他不动声色,心中一横,又向前,走了一步。这一次,她离那巨大的书案,只有一臂之遥。她能清晰地,闻到他身上,那股清冷的、好闻的墨香。
她缓缓地抬起手,手指轻轻地点在了那张巨大的、画满了山川河流的舆图之上,恰好点在了那“通州”二字之上。
“我知道,”她的声音,更低,也更媚,像是在说一桩,只属于他们二人之间的、最私密的秘密,“我知道,你怨我们。怨老太太的偏心,怨太太的刻薄,也怨我……怨我当年的,有眼无珠。”
她顿了顿,那双美丽的丹凤眼微微上挑眼波流转,如同一汪春水,能溺死世间所有的英雄。
“可那,都是过去的事了,不是吗?”她轻轻地,叹了口气,那叹息都带着香气,“如今,你已是人中之龙,是这京城里,谁也得罪不起的贵人。而我们,不过是那败叶残枝,是那苟延残喘的、不值一提的旧人。你又何必,与我们,这般计较呢?”
她的手指,在那舆图之上,缓缓地,滑动,像一条美女蛇,带着致命的诱惑,一点点地,向着林乾的方向,游弋。
“只要,你能高抬贵手,放过你琏二哥这一马……”她的声音,几乎,是在他的耳边,吐气如兰,“我……我王熙凤,这辈子,便是你的人了。”
“这荣国府的内囊,这贾家百年的积蓄,哪里有暗门,哪里有密道,哪里,藏着那不为人知的、真正的富贵……我,都可以,一点一点地告诉你。

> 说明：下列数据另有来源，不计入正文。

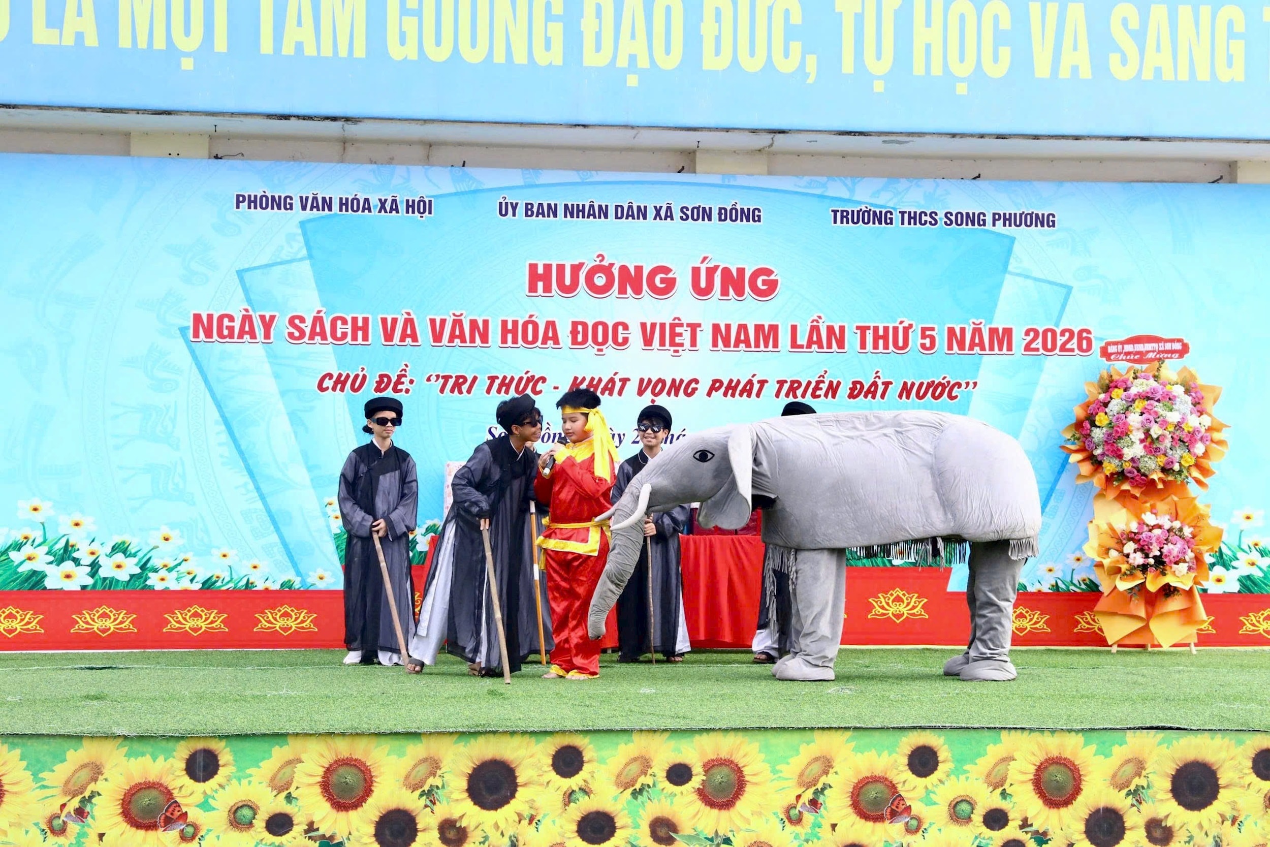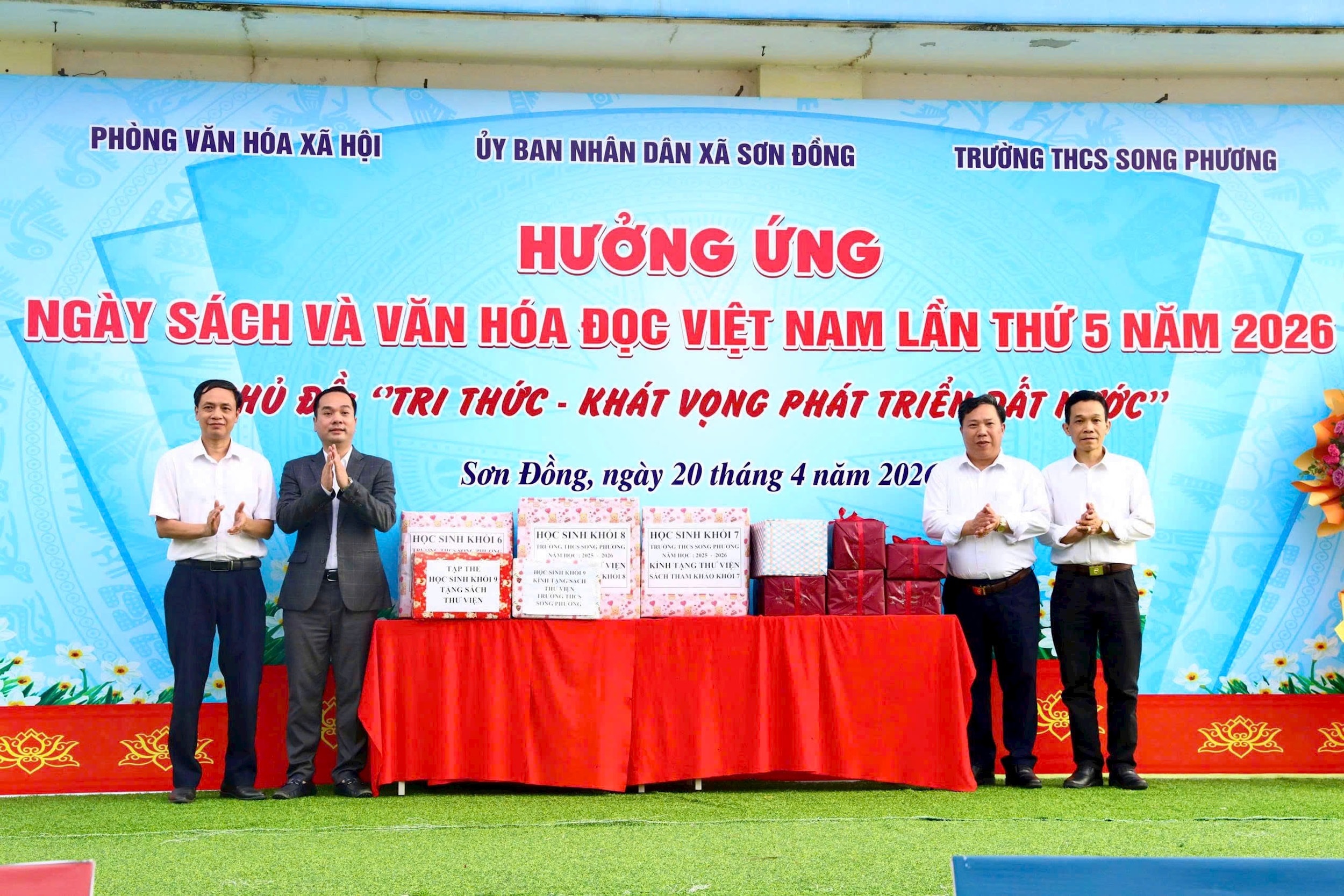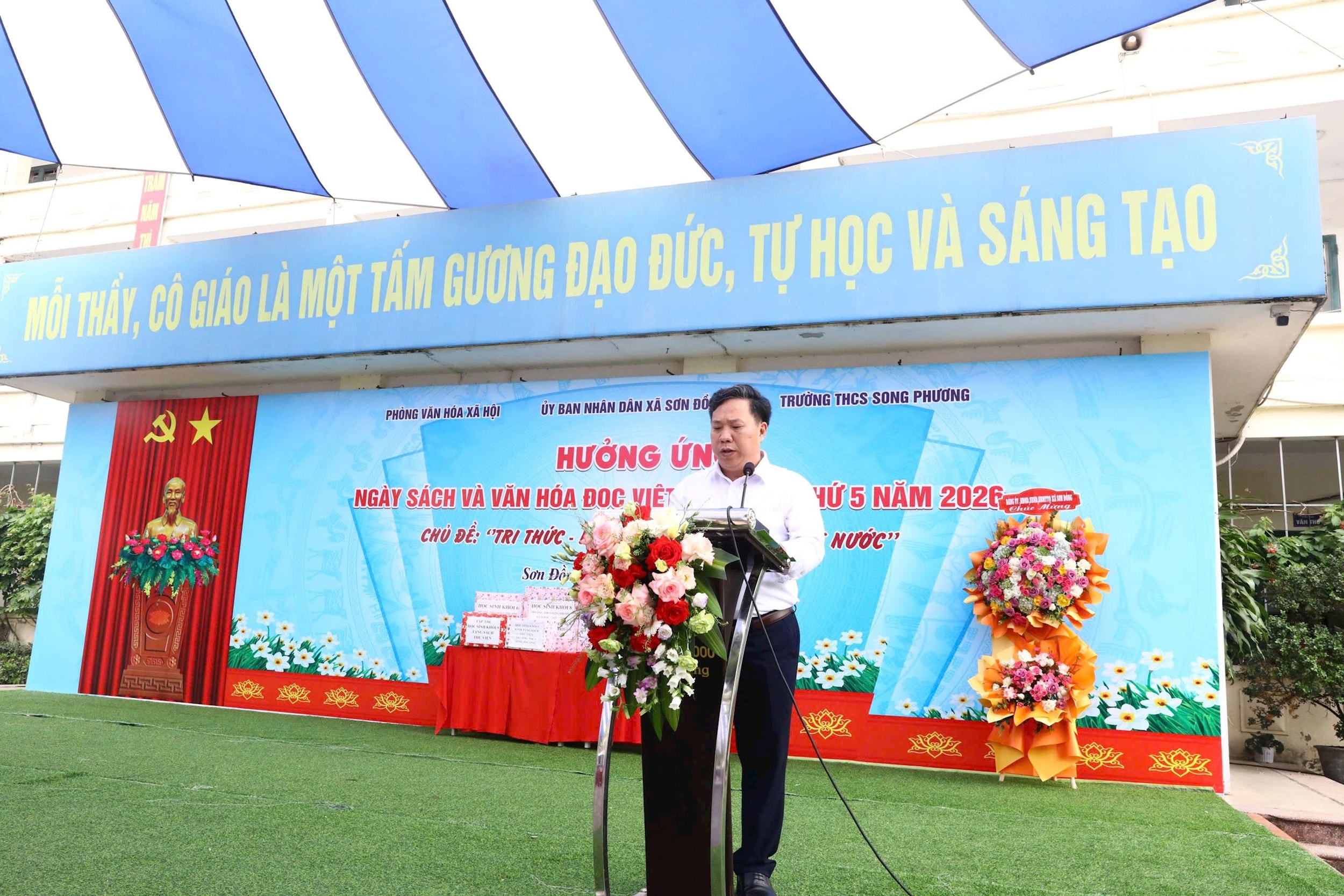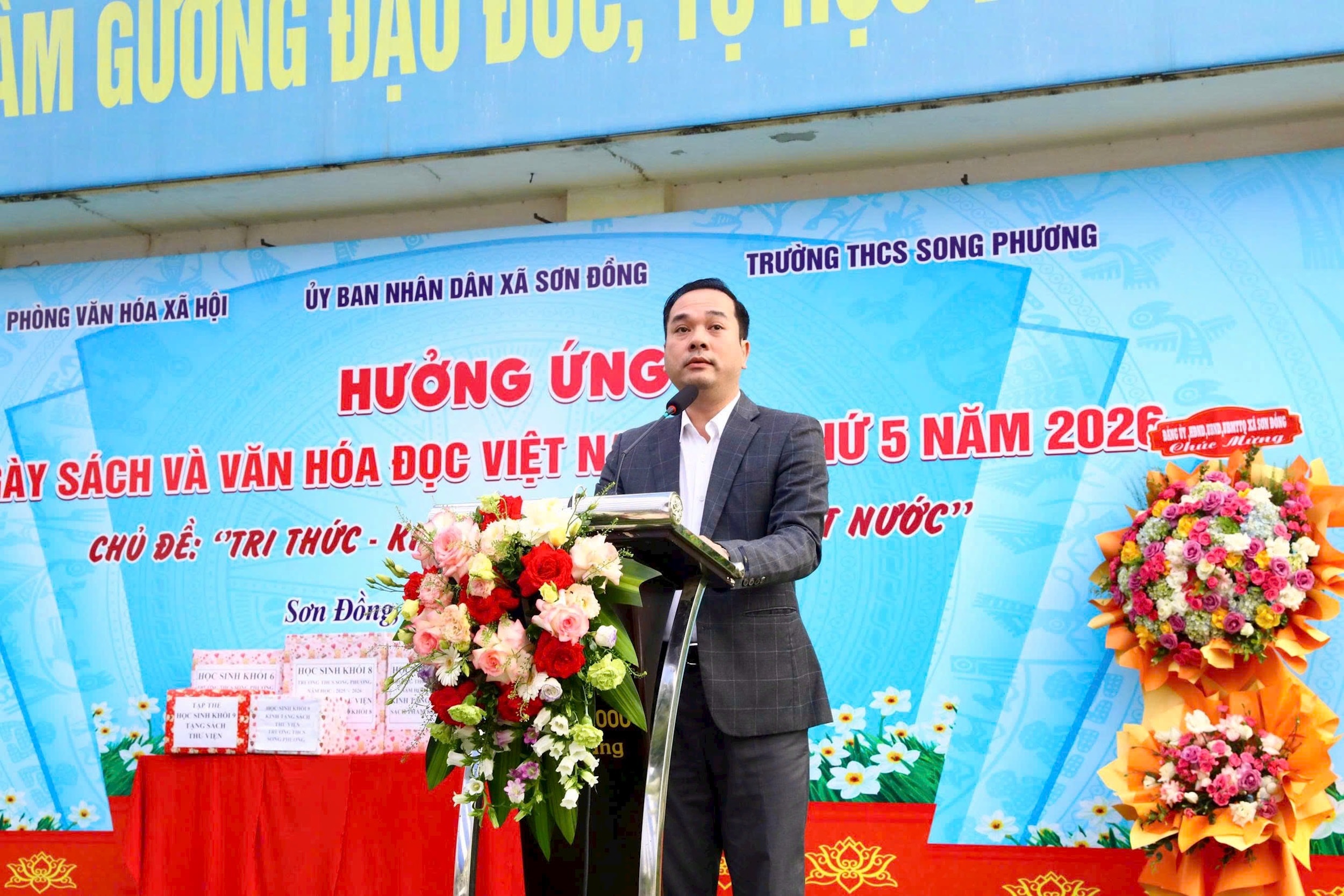 Phát biểu khai mạc, Phó Chủ tịch UBND xã Sơn Đồng Nguyễn Duy Cương nhấn mạnh, sách có vai trò đặc biệt quan trọng trong đời sống xã hội, là kết tinh tri thức của nhân loại, góp phần hình thành nhân cách và phát triển toàn diện con người. Trong bối cảnh chuyển đổi số và bùng nổ thông tin hiện nay, việc duy trì và phát triển văn hóa đọc càng trở nên cần thiết, giúp định hướng nhận thức, bồi dưỡng tri thức và xây dựng xã hội học tập.

”
她的身子,微微前倾,那胸前,饱满的弧度,在紧身褙子的勾勒之下,形成了一道惊心动魄的、充满了成熟妇人韵味的、深深的沟壑。
“我的人,是你的。这贾家的财,也是你的。”
“只要,你肯,点头……”
她说着,那只一直点在舆图之上的手,终于,缓缓地,抬了起来,带着一丝微不可查的、属于赌徒的颤抖,向着林乾那只放在书案之上的、骨节分明的、干净的手,覆盖了过去。
那是一个邀请。一个用身体、用财富、用一个女人所能付出的一切,所发出的最是卑微,也最是孤注一掷的邀请。
就在她那温热的、柔软的指尖,将要触碰到他那微凉的、坚硬的指骨的一瞬间——
林乾,动了。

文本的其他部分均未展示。